¹ Cf. Three Essays on the Theory of Sexuality (1905d).1 There is a dictum in general pathology, Gentlemen, which asserts that every developmental process carries with it the seed of a pathological disposition, in so far as that process may be inhibited, delayed, or may run its course incompletely. The same thing is true of the highly complicated development of the sexual function. It does not occur smoothly in every individual; and, if not, it leaves behind it either abnormalities or a predisposition to fall ill later, along the path of involution (i.e. regression). It may happen that not all the component instincts submit to the dominance of the genital zone. An instinct which remains in this way independent leads to what we describe as a perversion, and may substitute its own sexual aim for the normal one. It very often happens, as I have already said, that auto-erotism is not completely conquered, and evidence of this is given by a great variety of subsequent disturbances. The originally equal value attached to the two sexes as sexual objects may persist, and this will lead to a tendency in adult life to homosexual activity, which can in certain circumstances be intensified into exclusive homosexuality.
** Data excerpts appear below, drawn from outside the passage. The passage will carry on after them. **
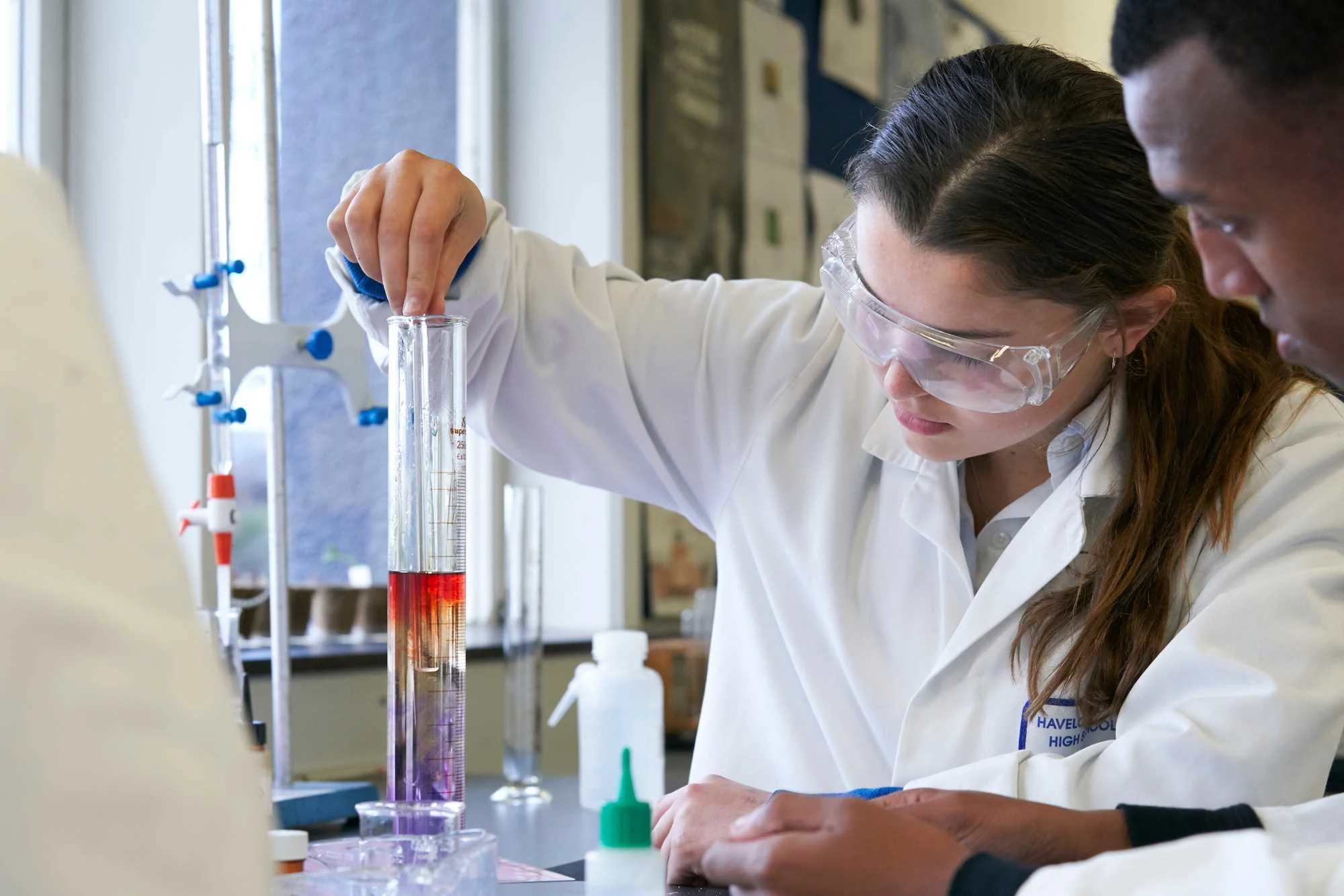 Schoolgirl-carrying-out-chemistry-experiment
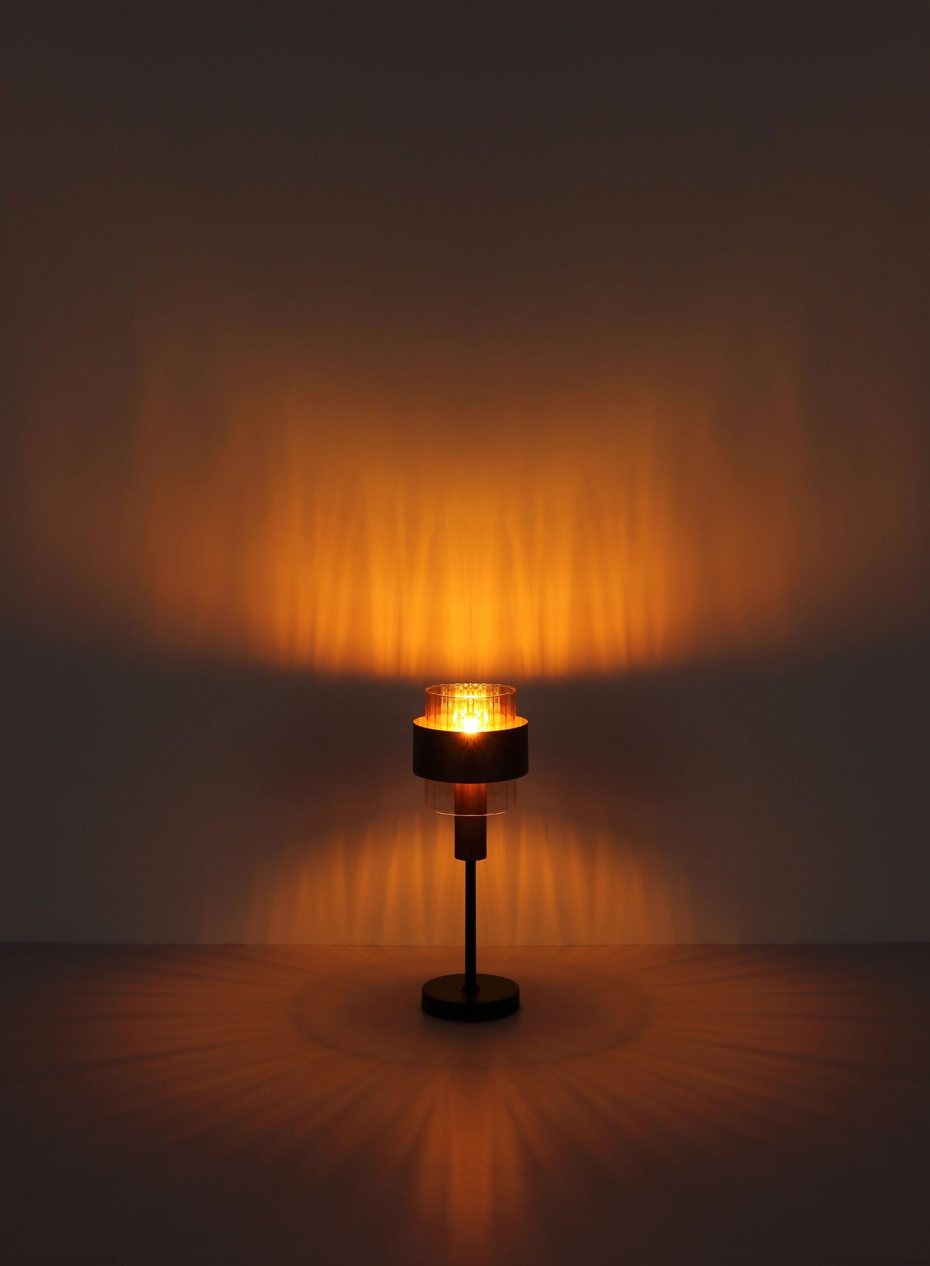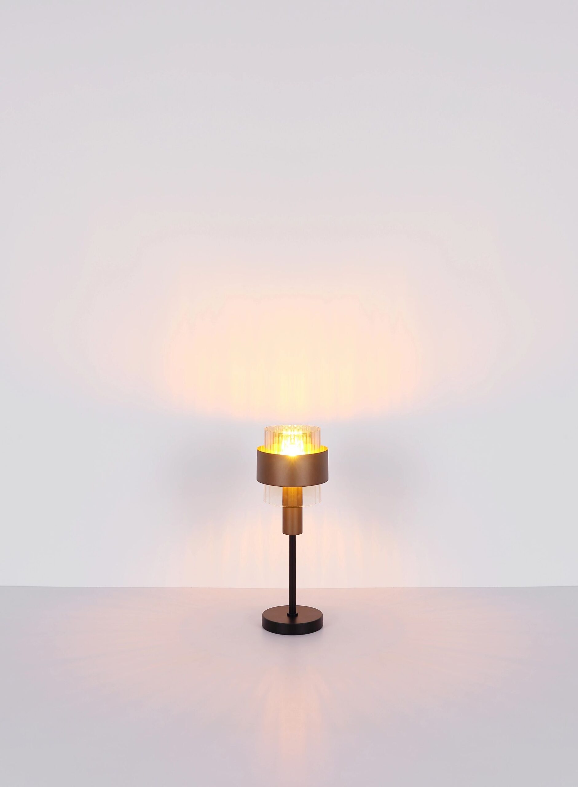 De MILLEY tafellamp is een prachtig accessoire dat stijl en elegantie toevoegt aan elke tafel. Met een rond ontwerp van glas, omringd door een luxueuze bronzen ring, straalt deze lamp een verfijnde uitstraling uit. De gebogen vorm zorgt voor een harmonieuze silhouette die perfect aansluit bij uw interieur. De solide metalen constructie, afgewerkt in een matte zwarte kleur, biedt niet alleen duurzaamheid maar ook een strakke look. De glazen lampenkap in een warme amberkleur heeft een heldere, vervagende bekleding die een sfeervolle ambiance creëert.
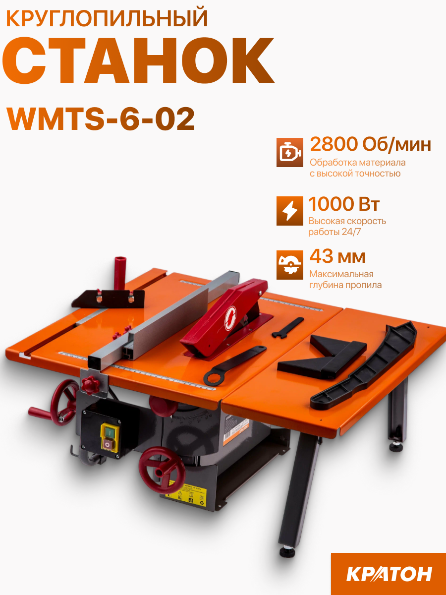 Станок круглопильный Кратон WMTS-6-02 по дереву , диаметр диска 200мм интересное:
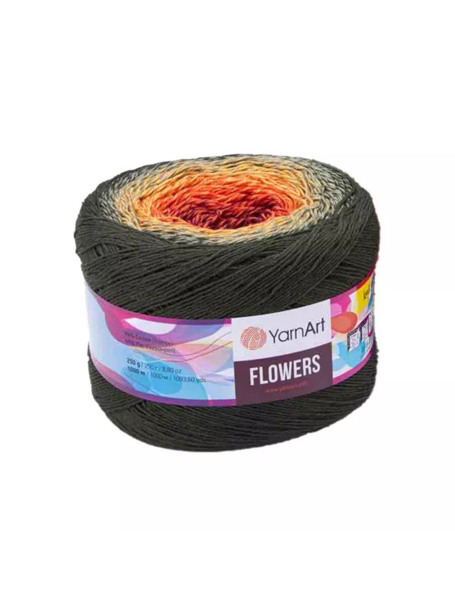 Пряжа YarnArt Flowers болотный-хаки-оранжевый-терракот (302), 55%хлопок/45%акрил, 1000м, 250г, 1шт
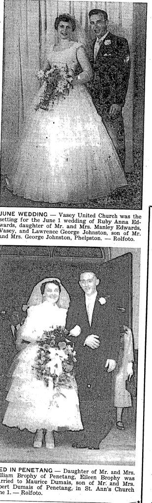 Back in 1909 two brothers from Vasey married two sisters from Omemee. One-half of that combination is pictured, Mr. & Mrs. Louis Jones farmed just west of Port McNicoll on Highway 12 and still live there. Mrs. Jones’ sister Minnie died a few years ago and her husband James Jones lives with his daughter Mrs. Delbert Reynolds at Wyevale.
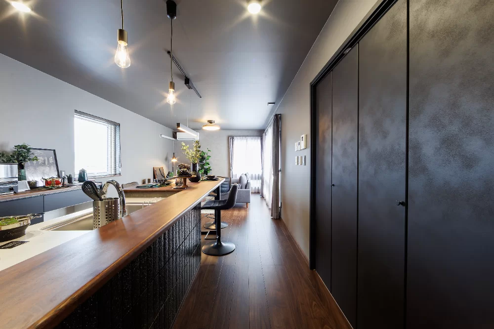 ブラックを基調にウッドのアクセントで温もりを添えた上質なリビング。床暖房で暖房器具が不要なすっきりとした印象に。デザイン性と快適さを兼ね備えた心地よい暮らしの空間です。

These classes of disturbance represent direct inhibitions in the development of the sexual function; they comprise the perversions and, what is by no means rare, general infantilism in sexual life.

 

The predisposition to neurosis is traceable to impaired sexual development in a different way. Neuroses are related to perversions as negative to positive. The same instinctual components as in the perversions can be observed in the neuroses as vehicles of complexes and constructors of symptoms, but in the latter case they operate from the unconscious. Thus they have undergone repression, but have been able, in defiance of it, to persist in the unconscious. Psycho-analysis makes it clear that an excessively strong manifestation of these instincts at a very early age leads to a kind of partial fixation, which then constitutes a weak point in the structure of the sexual function. If in maturity the performance of the normal sexual function comes up against obstacles, the repression that took place during the course of development will be broken through at the precise points at which the infantile fixations occurred.

 

But here you will perhaps protest that all this is not sexuality. I have been using the word in a far wider sense than that in which you have been accustomed to understand it. So much I am quite ready to grant you. But the question arises whether it is not rather you who have been using the word in far too narrow a sense by restricting it to the sphere of reproduction. It means that you are sacrificing an understanding of the perversions and the connection between the perversions, the neuroses and normal sexual life; and you are making it impossible for you to recognize in its true significance the easily observable beginnings of the somatic and mental erotic life of children. But however you may choose to decide the verbal usage, you should bear firmly in mind that psycho-analysts understand sexuality in the full sense to which one is led by a consideration of infantile sexuality.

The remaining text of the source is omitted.